The Search For Truth

I just read a cool little article in Wired about "The Golden Compass." I wasn't aware until recently that there are conservative religious groups who are boycotting this film because of its anti-theistic story line. The article suggested that director Chris Weitz had broadened the meaning of the film to include any dogmatic authority, religious or otherwise. Philip Pullman, author of "His Dark Materials" which is the literary basis for "The Golden Compass" is reputed to concur with Weitz that book is ultimately about dogmatic authority more than specific religious entities.

The upshot in my mind is that boycotting a film like this does nothing more than prove that Christians are afraid of challenge. We (I say we to try to bring a little bit of unity to Christendom in this discussion despite my supposition that I have very little in common with the average American boycotter) give credence to the idea that what we believe in is a poorly constructed house of cards that will be downed by the slightest breeze of question.
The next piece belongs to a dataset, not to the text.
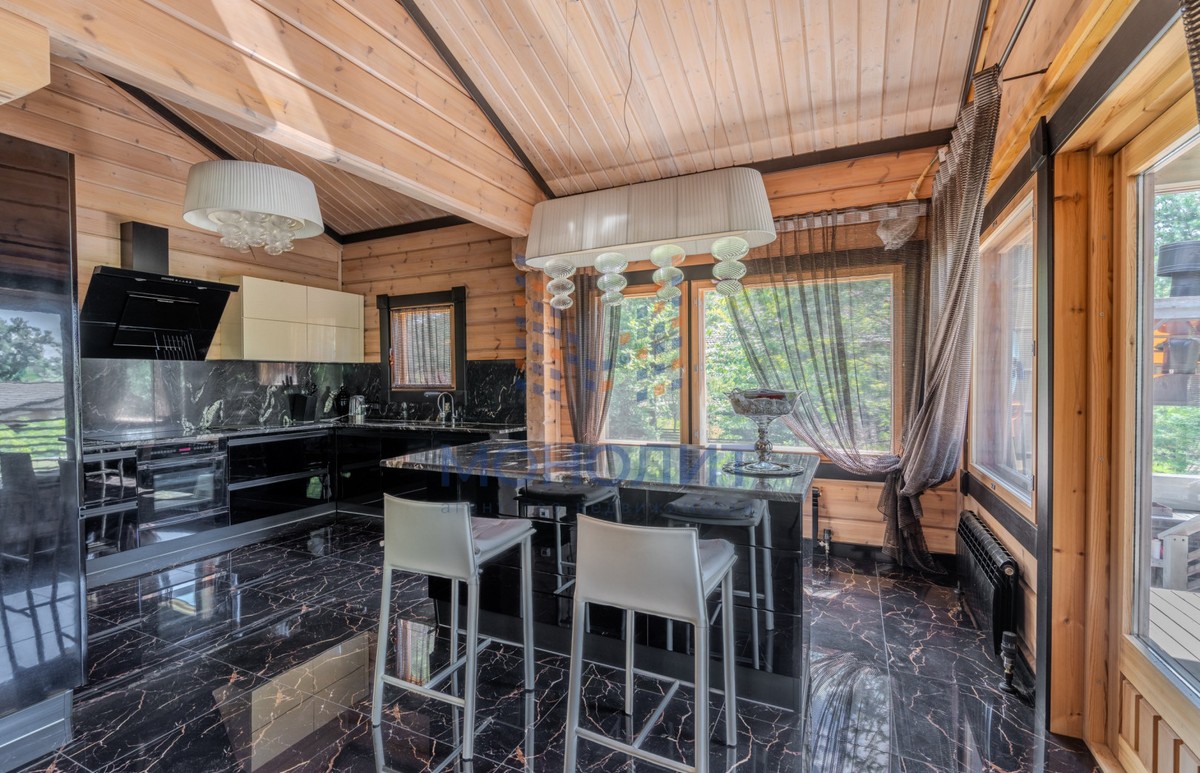 - Кухня-столовая с выходом на террасу — идеальна как для будней, так и для званых ужинов на свежем воздухе;

In reality, at least as I see it, the God I believe in has no desire to create a dogmatic authority on earth by which to control its inhabitants. Rather He seeks relationship with each of us which, like any relationship, will have ups and downs and doubts and joys, etc.
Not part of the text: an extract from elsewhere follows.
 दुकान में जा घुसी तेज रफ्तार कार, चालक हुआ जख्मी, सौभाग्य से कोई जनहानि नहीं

If the foundation for my relationship with God was as fragile as "atheists" say it is and freaked out Christians apparently think it is, then I'd better be picketing every piece of art, rhetoric or legislation that challenges it in any way.

If the foundation for my relationship with God is truth then what can possibly shake it? Are questions about the nature of gravity going to make it hurt any less when I fall? Does an in-depth look into our physical world threaten to unravel its very existence? Of course not. The rub is that we can empirically measure physical properties of the natural world whereas in the spiritual we're left to rely almost exclusively on faith. Does this make the spiritual any less real, any less true? Is the nature of faith so subjective that we each create a truth of our own to govern our lives and potential afterlives?

If it is, then what's all the fuss about?

So bring on the questions. Bring on the winds of scrutiny and doubt. If I'm deluded, I want to know. How else than by a constant search for truth will any of us ever come into even a glimpse of what it may be?